TASK STATEMENT
This task calls for the lines below starting at the one containing "hotoo Handmade Layered" and ending at the one containing "Type in the", repeated exactly with both ends kept and pictures left out.

── RECORDS PROVIDED ──

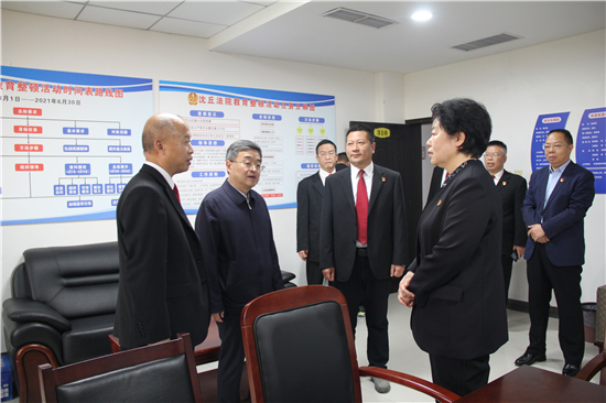 4月30日下午,市委常委、政法委書記路云到沈丘縣法院就隊伍教育整頓工作進行專題調(diào)研指導。沈丘縣委書記皇甫立新,縣委常委、政法委書記段然陪同調(diào)研。
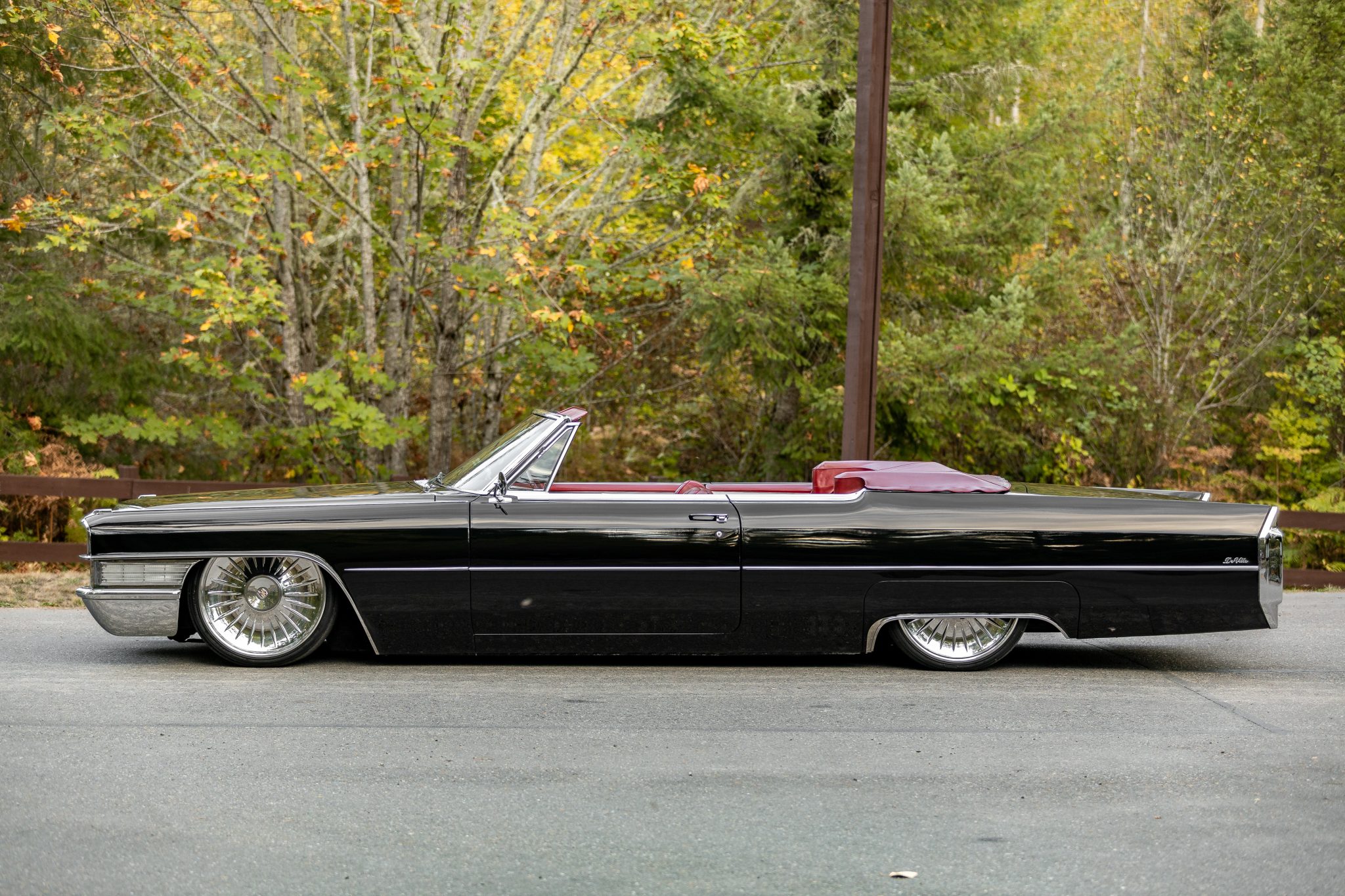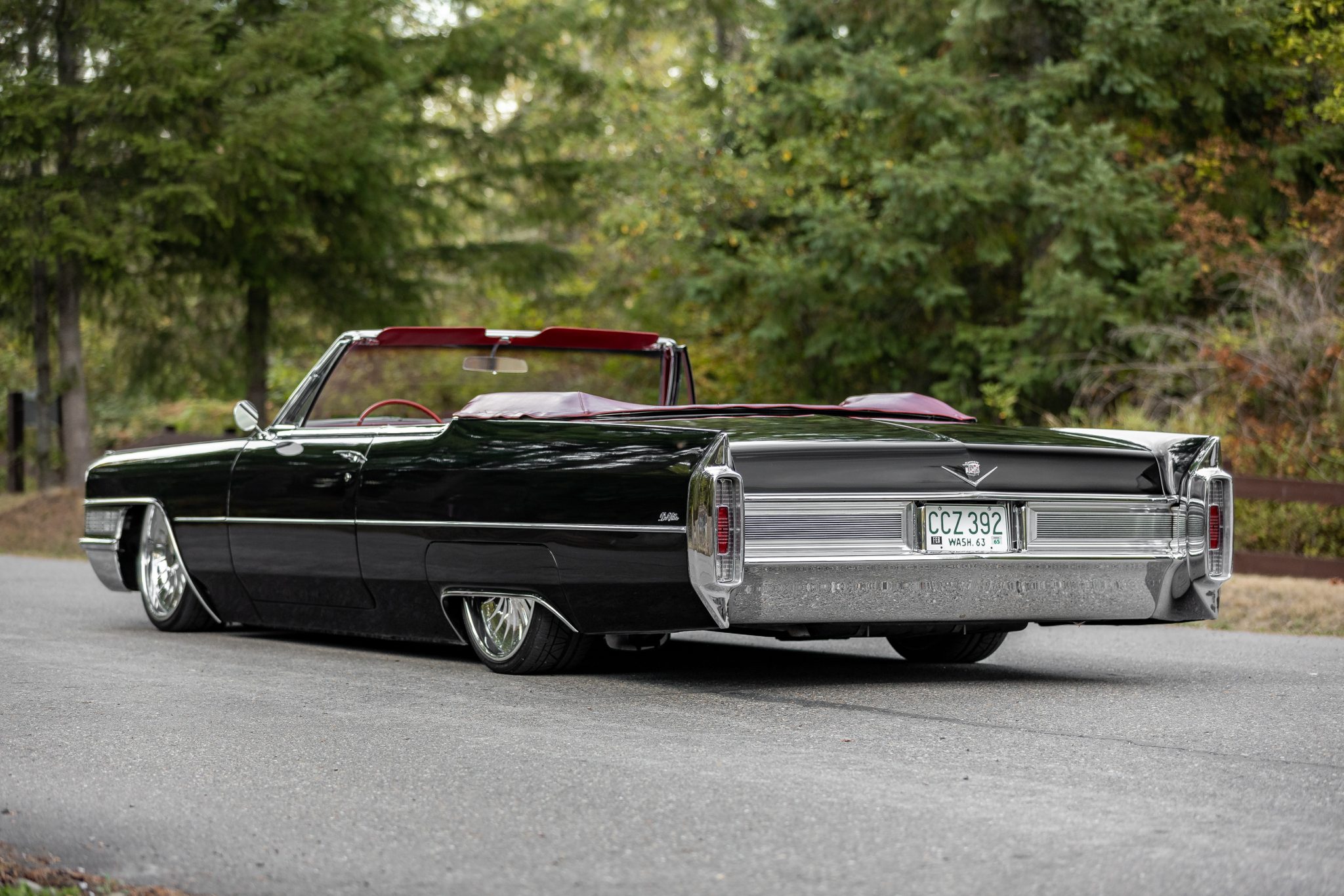 Colorado Custom 22″ wheels with a chrome finish are mounted with 245/30 Nitto tires that were installed during current ownership. The front and rear brake components have been replaced, and suspension has been modified with an adjustable air system installed by Those Guys Rod & Customs of Bremerton, Washington.
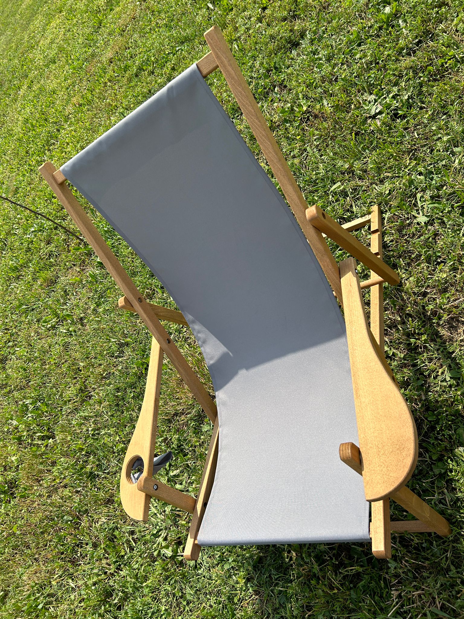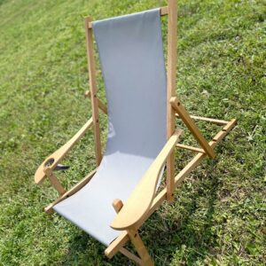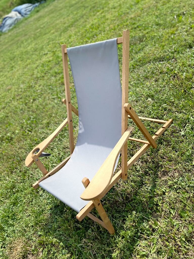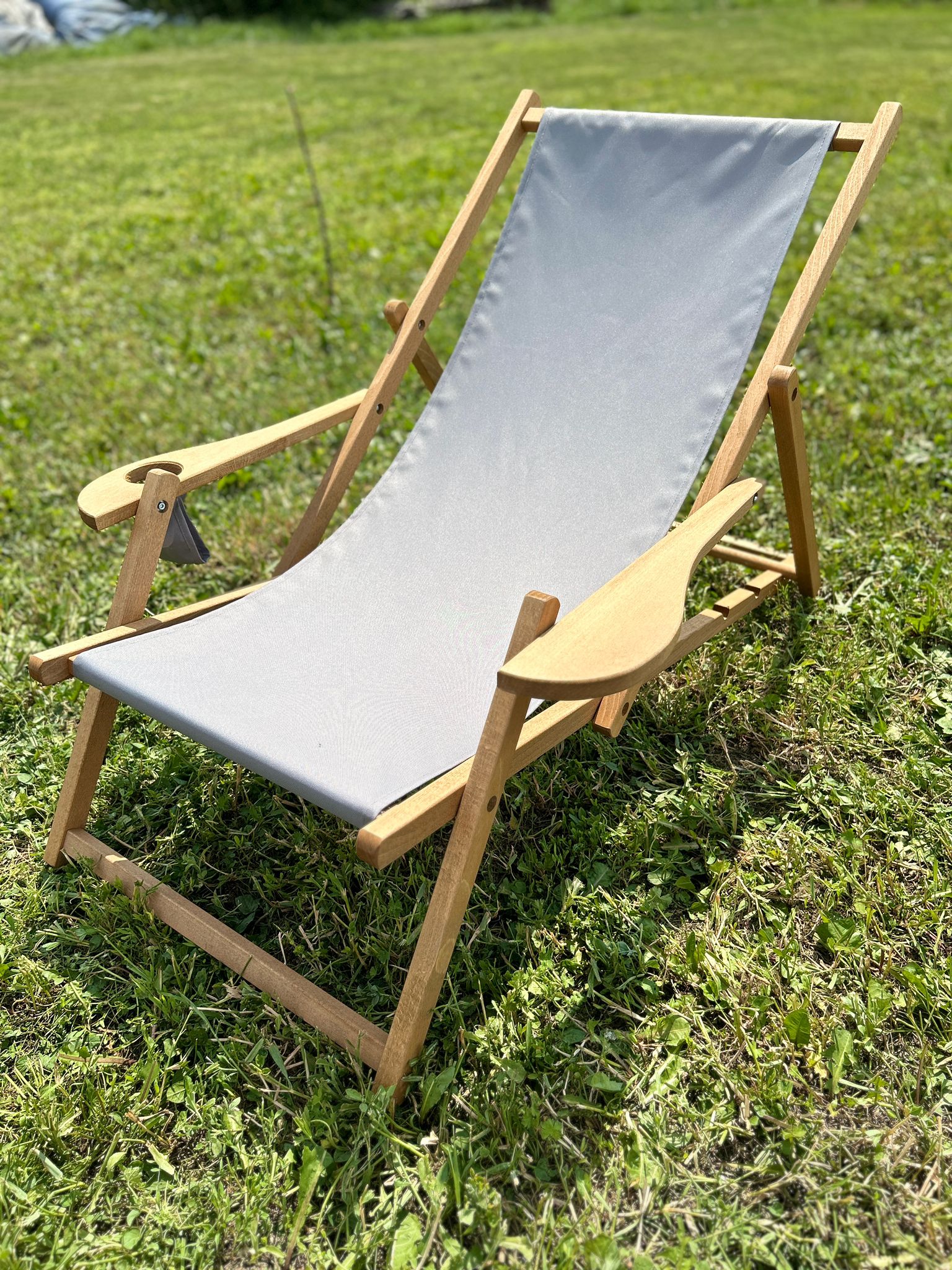 „(DL) Sezlong cu suport pahar pliabil din lemn de fag impregnat SERSIMO, 120kg, gri deschis” értékelése elsőként
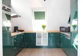 - Küche - Herd mit Backröhre, Mikrowelle, Kühlschrank und Geschirrspüler
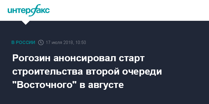 Москва. 17 июля. INTERFAX.RU - Работы по строительству второй очереди космодрома Восточный начнутся до конца лета, заявил журналистам глава "Роскосмоса" Дмитрий Рогозин.
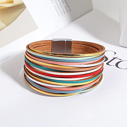 hotoo Handmade Layered Leather Bracelets Wrap for Women Stackable Chunky Colored Men Cuff Bracelet Wristband Bangle Gifts 6
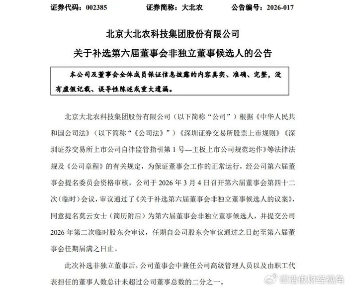 而从媒体披露的情况来看,大北农2025年前三季度还实现收入207.44亿元,归母净利润2.57亿元。但2025年的年度业绩预告,却是预亏4.5亿元至5.8亿元。到底是什么原因导致第四季度出现严重亏损呢?是企业经营方面的原因,还是市场原因,是季节原因,还是政策原因,是国内市场变化,还是国际环境影响,有没有改进办法,如何改善经营条件,等等,而不是把眼睛盯向未成年人继承巨额遗产。
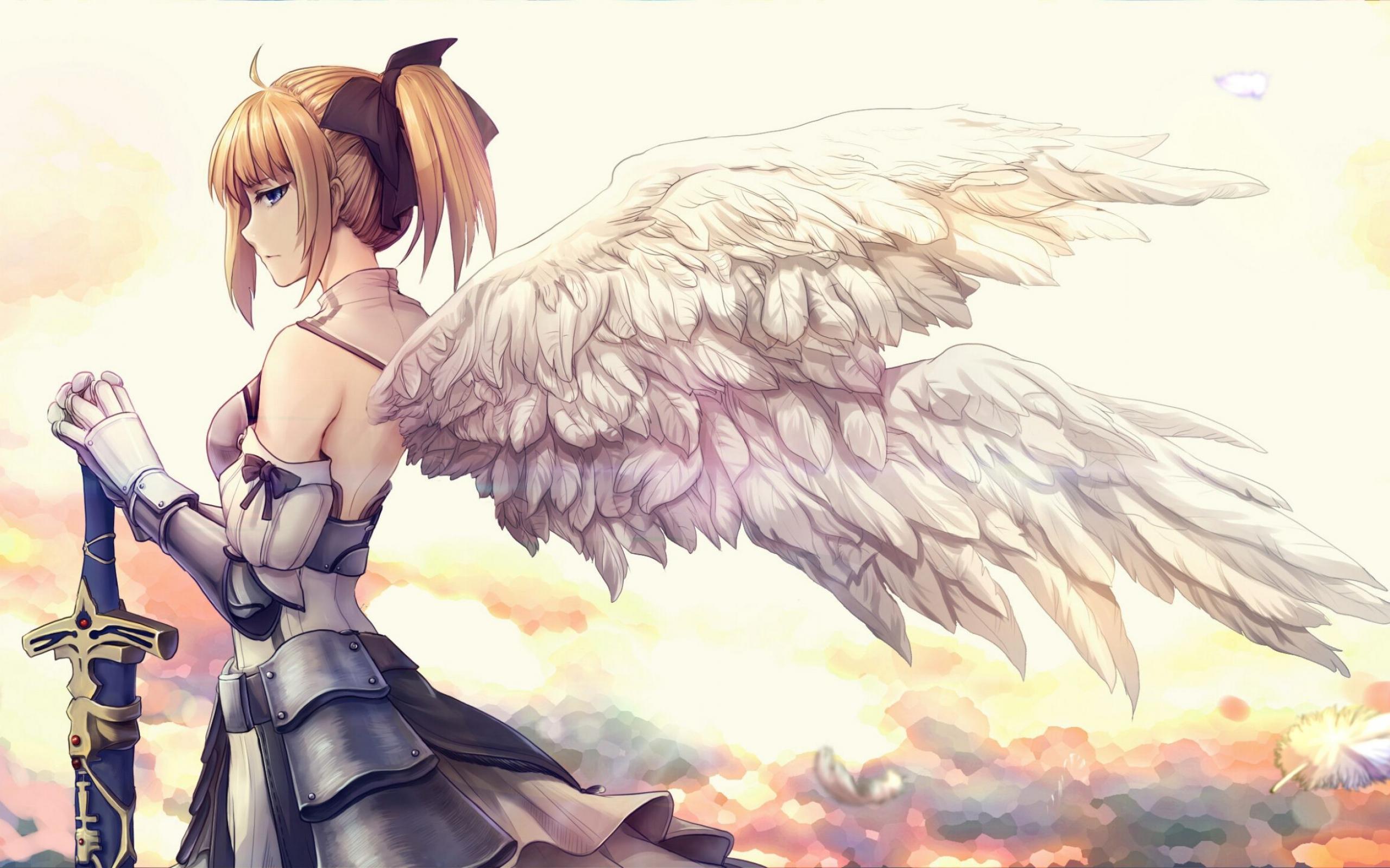 Wallpaper Anime girl with white angel wings
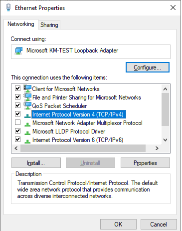 Type in the DNS server details as well. It will vary from setup to setup and hence I will not fill it in for now. Click Ok and you should have your KM-TEST adapter ready for use.
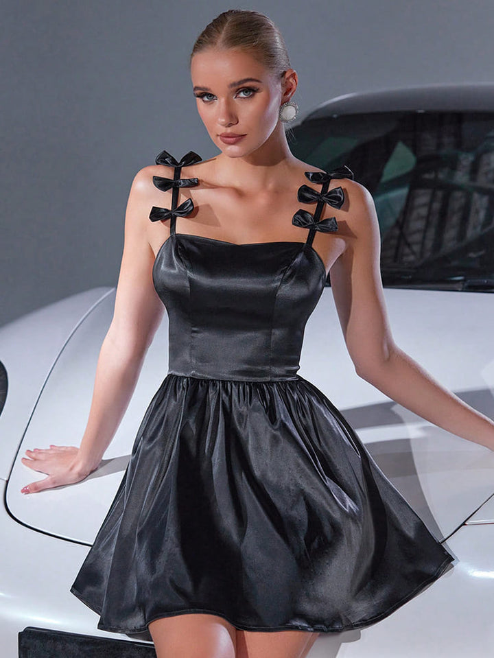 Get your Elegant Black Satin Mini Dress with Bow Straps today at Lazaha and make every occasion unforgettable.
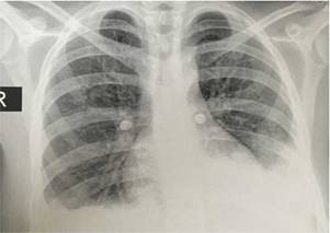Figura 1 Radiografía de tórax: proyección posteroanterior que evidencia derrames pleurales bilaterales y una imagen sugestiva de consolidación basal izquierda.
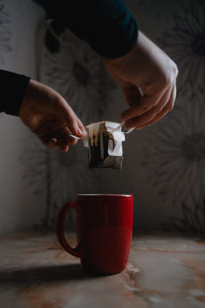 takes out the filter bag with coffee, side view, alternative coffee brewing

───

ANSWER BOX
 hotoo Handmade Layered Leather Bracelets Wrap for Women Stackable Chunky Colored Men Cuff Bracelet Wristband Bangle Gifts 6
 而从媒体披露的情况来看,大北农2025年前三季度还实现收入207.44亿元,归母净利润2.57亿元。但2025年的年度业绩预告,却是预亏4.5亿元至5.8亿元。到底是什么原因导致第四季度出现严重亏损呢?是企业经营方面的原因,还是市场原因,是季节原因,还是政策原因,是国内市场变化,还是国际环境影响,有没有改进办法,如何改善经营条件,等等,而不是把眼睛盯向未成年人继承巨额遗产。
 Wallpaper Anime girl with white angel wings
 Type in the DNS server details as well. It will vary from setup to setup and hence I will not fill it in for now. Click Ok and you should have your KM-TEST adapter ready for use.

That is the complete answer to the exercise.